Non credo sia il mio Dylan a essere riconoscibile, quanto le storie che gli cucio addosso. Storie di testa, di scarti laterali, di incroci, di contrappesi, di sorprese, di filigrane robuste che accompagnano come un sottofondo l’intero episodio.
Sei entrato nel team di sceneggiatori della serie diversi anni fa. Come sono cambiati da allora a oggi il tuo approccio e la tua interpretazione del personaggio e delle tue storie? Come è maturato il tuo modo di scrivere Dylan Dog e come farlo ti ha influenzato negli altri tuoi lavori?
Ho iniziato più di dieci anni fa. Nelle ultime storie ho cercato di mettere più pancia e meno testa, di osare di più, di camminare senza guardare troppo la mappa: non so se ci sono riuscito. In generale, come credo succeda a molti, il mio modo di scrivere è evoluto di pari passo con la mia maturazione come persona.
C’è qualcosa che cambieresti in Dylan Dog e qualcosa a cui non rinunceresti mai?
Eliminerei la sua idiosincrasia al viaggio per scaraventarlo in posti lontanissimi, facendolo perdere tra gli stupa dell’Himalaya o nel delta dell’Okavango. Non rinuncerei mai alla sua ironia e alla sua profonda compassione.
Che ruolo ha avuto Dylan Dog nella tua vita?
Ha reso piacevoli ed emozionanti quelle migliaia di pagine, quelle migliaia di ore, che ormai rappresentano una parte importante della mia vita. Perché svegliarsi con la voglia di lavorare è una benedizione, e di questo gli sarò sempre riconoscente. A lui e ai fumetti in generale.
Dylan è sempre stato un personaggio con una forte aderenza al sociale e le sue storie spesso si sono fatte carico di messaggi sui diritti, l’uguaglianza, la pace, il rispetto per gli animali… Questo pone l’attenzione sul tema della responsabilità dell’autore nei confronti delle sue opere. Cosa significa per te questo tema, in particolare per Dylan Dog?
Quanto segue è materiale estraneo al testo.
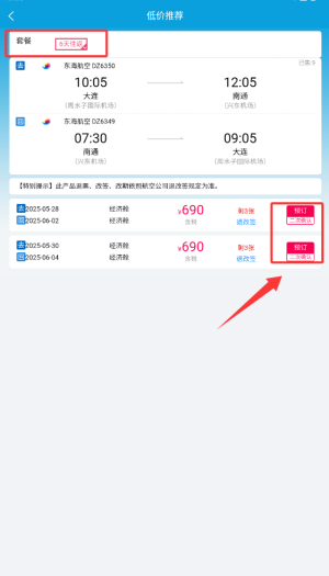 2、输入出发地、目的地及出行日期,系统将自动显示可选航班列表及实时票价。
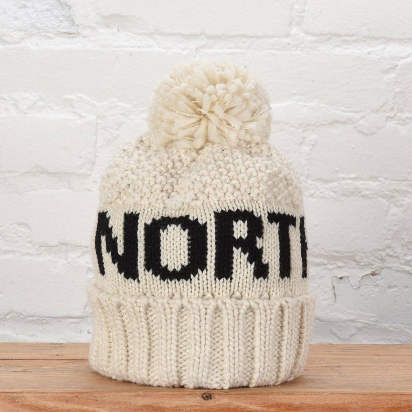Whether you're a native or a newcomer, this beanie lets you wear your love for the Northeast on your head. Its timeless design ensures it never goes out of style, making it a perfect addition to any outfit. Cream with a black logo, topped with a fun knitted pom and lined for extra warmth.

Non ho mai creduto che un messaggio di impegno civile fosse più prezioso di una sana risata, o di una porta spalancata nella mente del lettore. Altrimenti sarei rimasto a fare il cooperante internazionale in Nicaragua o in Kossovo. Quando ho avuto un tema da trattare l’ho fatto, non perdendo mai di vista la centralità della storia: Il re delle mosche, Lavori forzati, Il persecutore o Gli ultimi immortali sono degli esempi a proposito.